[[ EXCERPTED DATA, beginning ]]
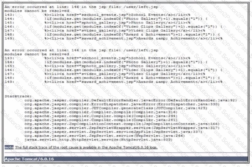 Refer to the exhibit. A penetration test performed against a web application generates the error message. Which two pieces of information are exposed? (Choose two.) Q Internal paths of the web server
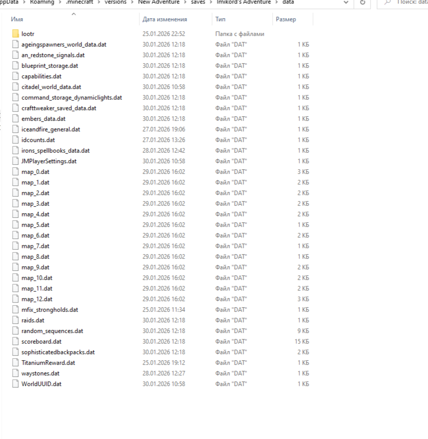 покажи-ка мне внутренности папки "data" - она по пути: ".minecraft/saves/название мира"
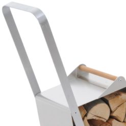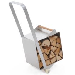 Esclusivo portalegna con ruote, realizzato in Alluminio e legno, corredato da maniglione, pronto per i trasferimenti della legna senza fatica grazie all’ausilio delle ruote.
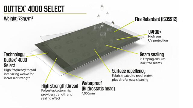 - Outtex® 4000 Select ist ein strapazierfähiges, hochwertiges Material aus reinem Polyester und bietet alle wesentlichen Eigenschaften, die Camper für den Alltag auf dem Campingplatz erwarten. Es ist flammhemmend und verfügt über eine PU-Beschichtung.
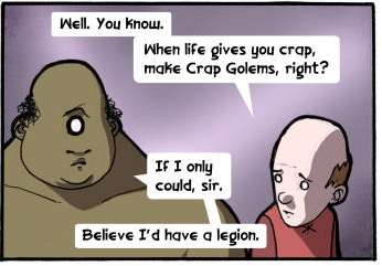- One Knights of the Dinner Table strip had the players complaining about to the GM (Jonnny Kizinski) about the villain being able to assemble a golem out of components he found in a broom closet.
[[ EXCERPTED DATA, end ]]
I would like an exact copy of the lines from the one holding "покажи-ка мне внутренности" through the last line of the entries above, with the pictures left out.

 покажи-ка мне внутренности папки "data" - она по пути: ".minecraft/saves/название мира"
 Esclusivo portalegna con ruote, realizzato in Alluminio e legno, corredato da maniglione, pronto per i trasferimenti della legna senza fatica grazie all’ausilio delle ruote.
 - Outtex® 4000 Select ist ein strapazierfähiges, hochwertiges Material aus reinem Polyester und bietet alle wesentlichen Eigenschaften, die Camper für den Alltag auf dem Campingplatz erwarten. Es ist flammhemmend und verfügt über eine PU-Beschichtung.
- One Knights of the Dinner Table strip had the players complaining about to the GM (Jonnny Kizinski) about the villain being able to assemble a golem out of components he found in a broom closet.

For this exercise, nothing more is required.